The historical context that they give on why English only instruction is so dominant is really useful for thinking about why its ok to challenge the existing paradigm. Essentially, the use of the inner circle strategies in EFL contexts was never consciously chosen as appropriate (and certainly wasn’t based on research showing its effectiveness), but instead was a quirk of the cultural and economic dominance of the inner circle countries, which were uncritically adopted as normative worldwide, rather than being perceived as locally and contextually specific to the countries the techniques were developed in. The balance between local languages in the class is something I’ve been thinking about a lot here in Ecuador, where I use a fair bit of Spanish in my teaching.
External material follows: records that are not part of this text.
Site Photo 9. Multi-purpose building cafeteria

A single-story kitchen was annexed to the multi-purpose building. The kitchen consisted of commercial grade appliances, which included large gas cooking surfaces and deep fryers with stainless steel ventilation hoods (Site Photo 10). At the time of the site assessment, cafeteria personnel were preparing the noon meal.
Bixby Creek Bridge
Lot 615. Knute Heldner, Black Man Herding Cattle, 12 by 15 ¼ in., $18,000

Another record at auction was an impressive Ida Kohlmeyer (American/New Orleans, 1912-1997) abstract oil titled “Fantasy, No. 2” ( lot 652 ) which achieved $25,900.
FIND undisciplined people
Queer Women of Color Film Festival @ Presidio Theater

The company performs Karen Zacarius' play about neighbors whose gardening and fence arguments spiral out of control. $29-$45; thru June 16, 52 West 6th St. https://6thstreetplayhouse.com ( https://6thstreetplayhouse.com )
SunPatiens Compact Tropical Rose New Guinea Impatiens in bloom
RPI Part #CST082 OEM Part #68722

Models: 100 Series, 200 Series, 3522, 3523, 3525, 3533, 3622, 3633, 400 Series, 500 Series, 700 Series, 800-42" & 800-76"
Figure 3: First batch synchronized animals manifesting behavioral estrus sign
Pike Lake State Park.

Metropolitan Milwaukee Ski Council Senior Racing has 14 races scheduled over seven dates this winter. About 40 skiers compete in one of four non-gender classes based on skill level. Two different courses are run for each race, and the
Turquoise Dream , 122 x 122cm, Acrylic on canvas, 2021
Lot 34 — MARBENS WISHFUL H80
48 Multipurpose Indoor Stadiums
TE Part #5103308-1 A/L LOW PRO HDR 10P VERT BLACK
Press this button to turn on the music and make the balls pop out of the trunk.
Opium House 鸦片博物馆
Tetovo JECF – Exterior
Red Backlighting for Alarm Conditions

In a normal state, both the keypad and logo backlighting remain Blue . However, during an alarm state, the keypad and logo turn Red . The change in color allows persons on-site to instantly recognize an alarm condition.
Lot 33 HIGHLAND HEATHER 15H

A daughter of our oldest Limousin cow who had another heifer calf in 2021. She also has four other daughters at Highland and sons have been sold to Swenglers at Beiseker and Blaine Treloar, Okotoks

The MEC approach and the example of the teacher in Hong Kong both seem worthwhile, but they assume the teacher has full (rather than partial) abilities in the local language. I’m interesting in exploring whether there are any resources or studies out there about teachers who are not native speakers of the local language using it as an effective teaching tool in the classroom, and if so, what the best ways to do that are. It’s also interesting to me how strong the discourse of shame around LL in the classroom is too, which is definitely something I feel here at times. It’m thinking back on World Teach’s training, where they didn’t advocate for an English-only classroom, but they did discourage the use of Spanish to teach English content (instead suggesting it only for procedural information, like directions). It’s a step in the right direction, but not far enough yet. In contrast, the Edificar training was super dismissive of any valid role for Spanish inside the English classroom, which is problematic and increasingly out of date. Reading this now has encouraged me to incorporate plutilingual pedagogy into my EcuaTESOL proposal, alongside multiple intelligences and multimodality.

Mahboob, A., & Lin, A. M. Y. (2016). Using local languages in English language classrooms. In Willy A. Renandya and Handoyo P. Widodo (Eds.), English language teaching today: Building a closer link between theory and practice. New York: Springer.